Beberapa santriwati yang bertugas memasak di dapur Ndalem mulai saling berbisik. Tanpa tahu jika sosok Ayana yang hendak ke kamar Ashilla karena hendak mengambil ponselnya yang tertinggal itu justru mendengar ucapan para santriwati tersebut.

Sekarang Ayana mengerti. Maksud dari ucapan Gus Zidan tempo hari. Siapa sangka, baru saja di pikirkan sosok Gus Zidan muncul berdiri beberapa langlah dari hadapannya. Gus Zidan menghentikan langkahnya untuk menatap Ayana. Namun, Ayana hanya mengangguk pelan lalu berlalu meninggalkannya begitu saja.

Jadi, ini sebabnya Gus Zidan meminta untuk menjaga jarak?

Kenapa rasanya sedikit nyeri.

Ayana memegang dadanya yang terasa nyeri entah karena apa. Tapi desiran itu datang setiap kali ia memikirkan Gus Zidan. Ia juga tidak.mengerti mengapa demikian, apa karena ia dan Gus Zidan sudah dekat sejak dulu, dan saat mereka berjarak seperti ini ia merasa kehilangan?

Sementara itu Gus Zidan mematung di tempatnya menatap sosok Ayana yang berjalan ke arah kamar Ashilla. Ah, Ayana pasti juga sudah mengetahui tentang perjodohan ini kan?

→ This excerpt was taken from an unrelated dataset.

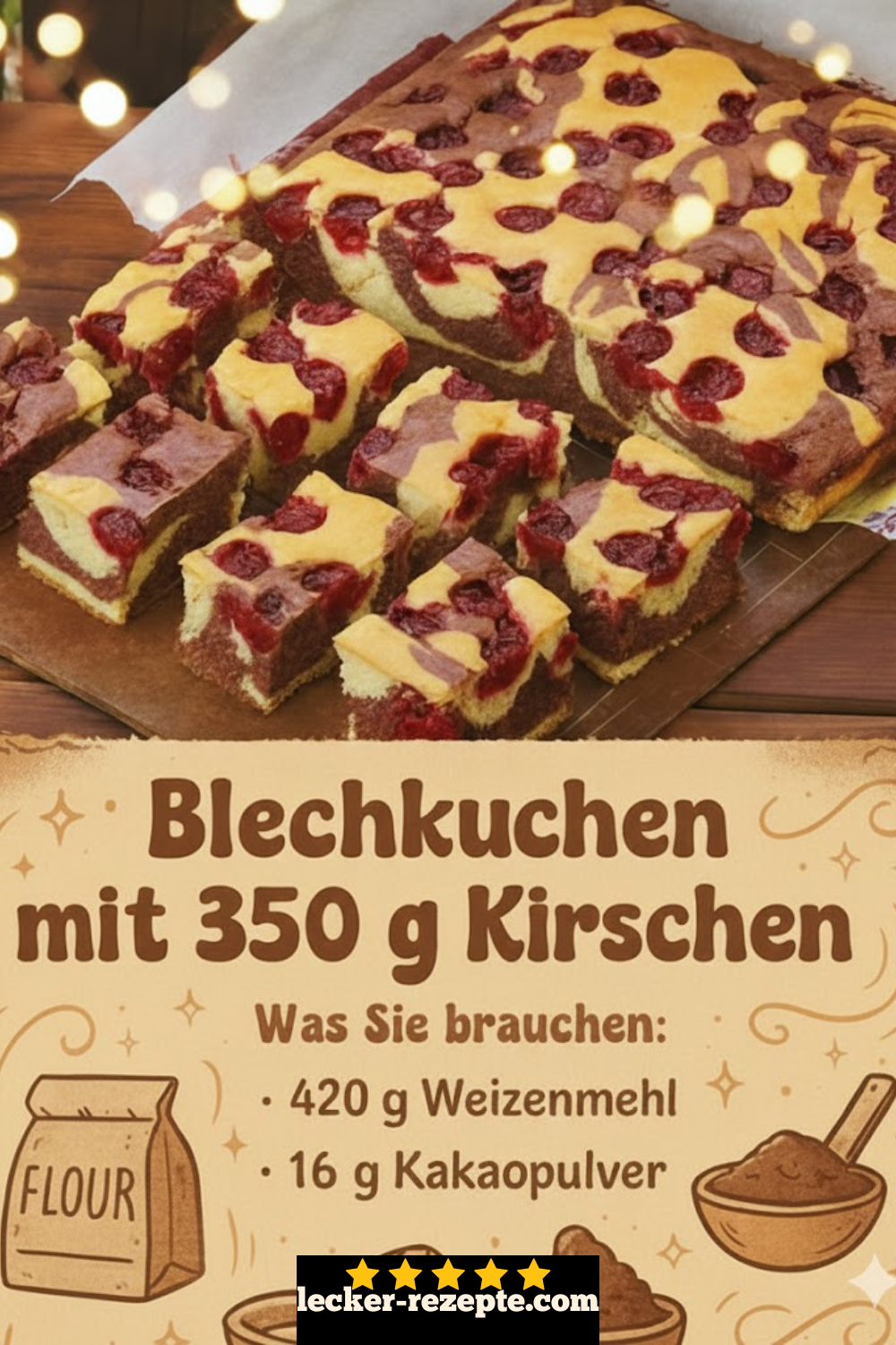 Ein Teil des Mehls kann durch Kakaopulver ersetzt werden, sodass ein schokoladiger Teig entsteht. Die Kirschen harmonieren wunderbar mit der Schokolade und machen den Kuchen besonders saftig.

Tentu saja, karena kabar ini begitu cepat tersebar. Gus Zidan tersenyum getir, tampaknya hanya ia yang merasa tertekan, sementara Ayana terlihat biasa-biasa saja.

Gus Zidan menghela napas, lalu menatap lantai yang di pijaknya. "Sampai akhir pun, perasaan saya tidak pernah terbalas. Ayana, saya tidak tahu harus bagaimana lagi melupakan kamu," lirihnya, tanpa siapa pun yang bisa mendengar.

Gus Zidan yang selalu terlihat ceria, ramah, dan penuh senyum diam-diam terluka sendirian.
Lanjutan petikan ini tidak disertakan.